Mokoena’s mother hasn’t had a major incident or episode in the past six years. But she has been forced into retirement from her job as a teacher because of her condition. “She is doing alright. She’s still on medication, which is very expensive, but she gets by.”
Today, 35-year-old Mokoena is married and has two daughters, but her relationship with her mother is still strained.
“I guess it’s a normal relationship. I don’t know. I don’t know where to draw comparisons from,” she says. “We are not close. I love her and I do tell her that. But when we get into arguments and she says hurtful things I wonder if it’s her illness or if she is just being mean.”
Recently, Mokoena posted a photograph of herself and her younger sister on the social network, Instagram. But when she showed the photograph to her mother she said: “Yoh, you look so ugly.”

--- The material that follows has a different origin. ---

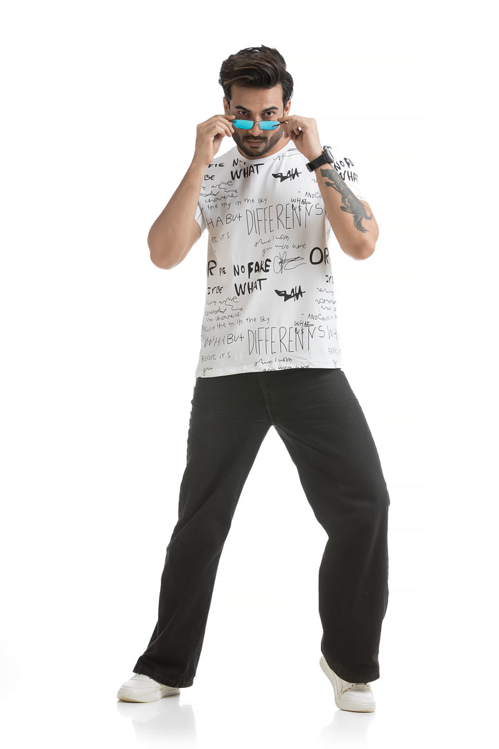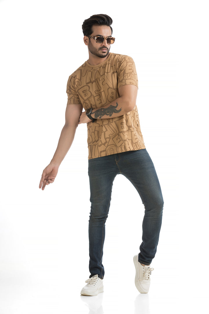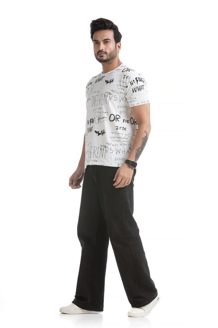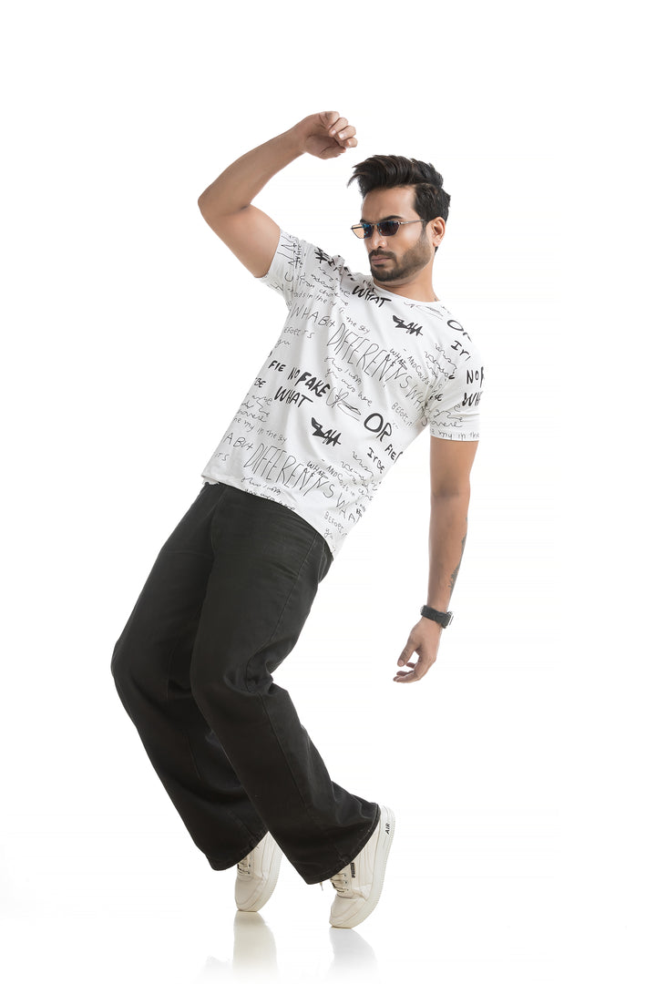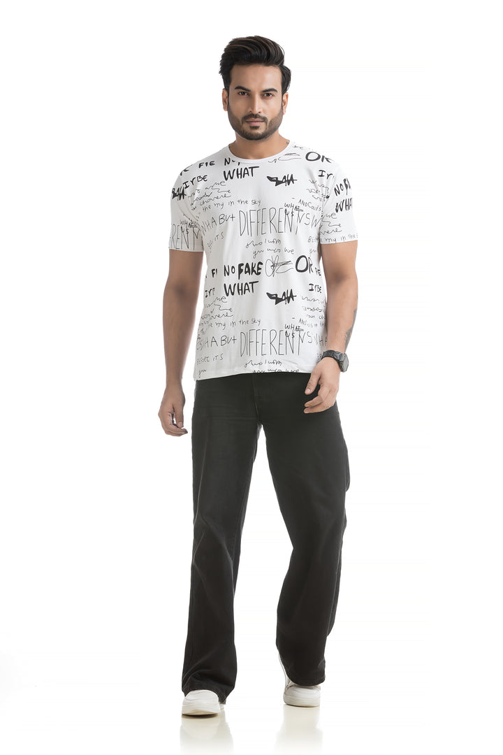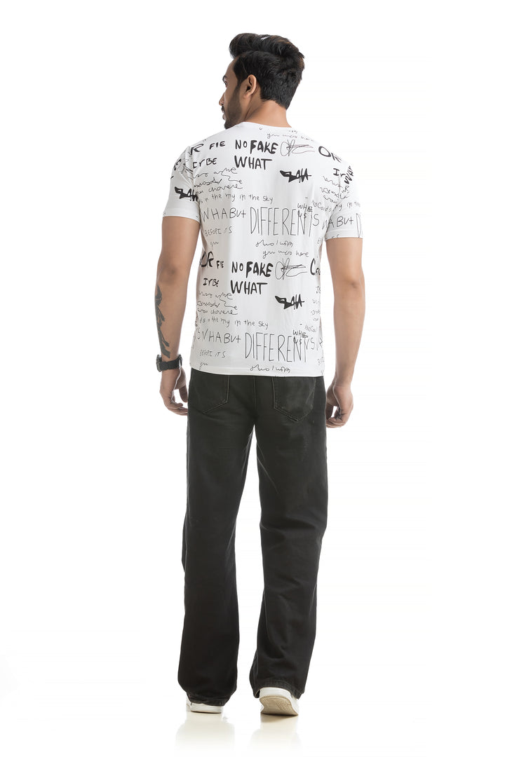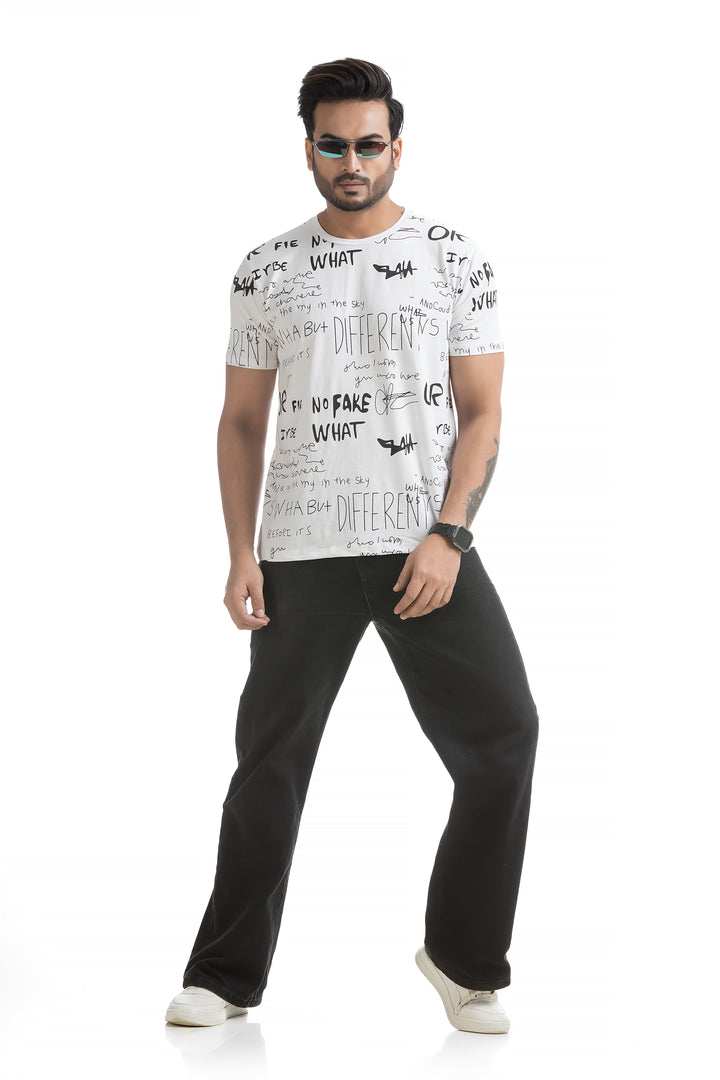Crafted from 100% cotton with cotton blend fabric, this All Over Print T-shirt offers maximum comfort, combining a soft, breathable feel with lightweight durability for all-day wear. The classic round neck and half sleeves complete the design, making it ideal for everyday wear or those weekend get-togethers with friends. Styling this All Over Print T-shirt is a breeze. Pair it with your favourite jeans or shorts for a casual day out, or layer it under a denim jacket for a bit of edge. Its versatile typography design works well with everything from joggers to cargo pants, giving you plenty of options to mix and match.

“I didn’t even discuss it with her. I went straight to my dad and he said: ‘She’s just down these days.’
“It’s tough. Sometimes I let it go, sometimes I can’t. But I don’t know what to do about it so I just let it be.”

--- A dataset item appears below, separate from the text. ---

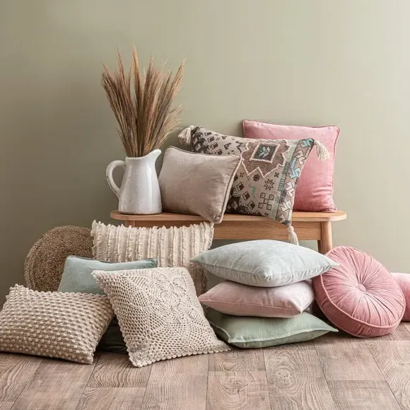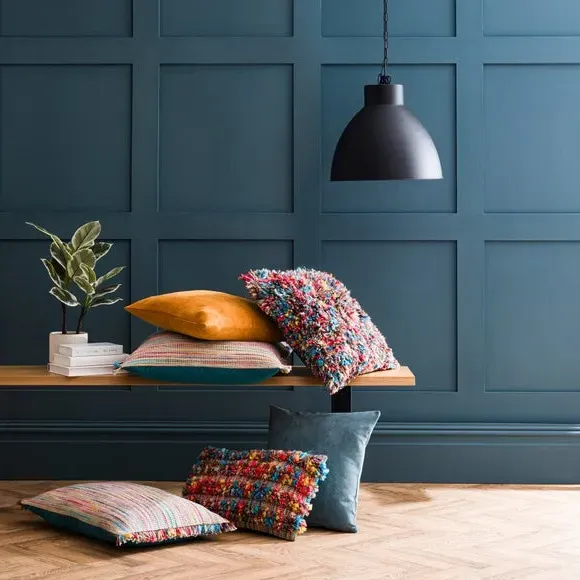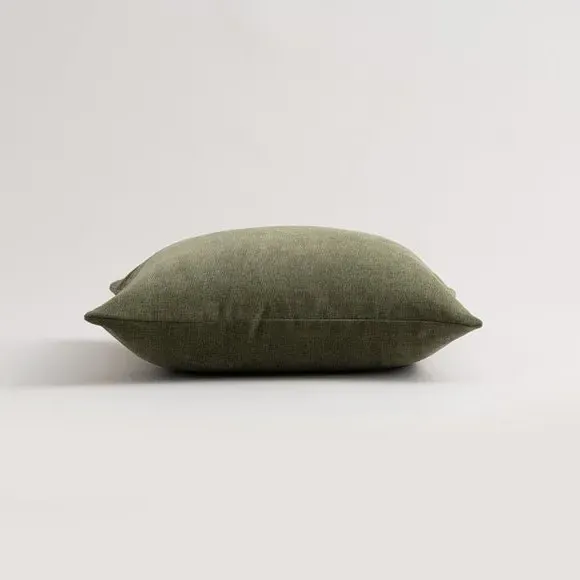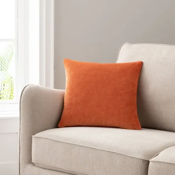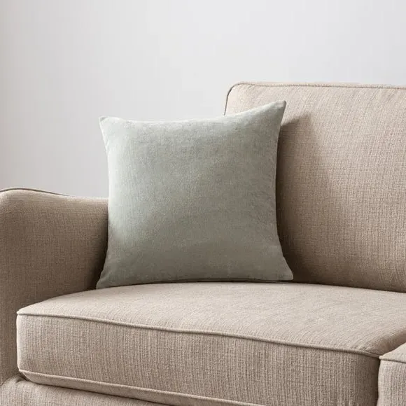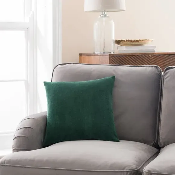 The cushion offers luxurious comfort with its recycled velour cover, featuring a choice of plump polyester fibre or feather filling. Its removable cover includes zip fastening for easy maintenance, while the machine washable design adds convenience. The piped edge provides a polished finish, and the soft fabric feels great to the touch.

Thomas points out that parents with a mental illness may find it difficult to control their emotions and this can have a negative effect on how they relate emotionally and interact with their children.
“Although parents with active mental illness will require additional care and support … it is important to note that no direct associations between mental illness and parenting ability exist,” says Thomas.
Mokoena says she has always had the support of her extended family and still enjoys a particularly close relationship with her grandmother. “My granny is my inspiration; she guides me and lifts me up. She is always there for me.”
* Not her real name
Ina Skosana is a Pfizer Mental Health fellow.
Tough but treatable mental disorder
Schizophrenia typically begins in late adolescence or early adulthood. There are effective treatments for the condition and people with it can lead a productive life and be integrated in society.
- Schizophrenia affects about 1% of the world’s population;
- One in two people living with schizophrenia do not receive care for the condition;
- Family interventions, whereby the patients and their relatives can attend psychiatric therapy sessions, are effective at preventing relapse of symptoms;
- In a country like South Africa where there has been a shift from institutionalisation to community care, family therapy treatment models are an important option to explore;
- Problems with adherence to medication, limited psychoeducation and “low expressed emotion” are challenges to effective family therapy models; and
- South Africa and other countries have additional problems because of the stigmatisation of mental illness as well as cultural perceptions of the condition that may affect mental health care.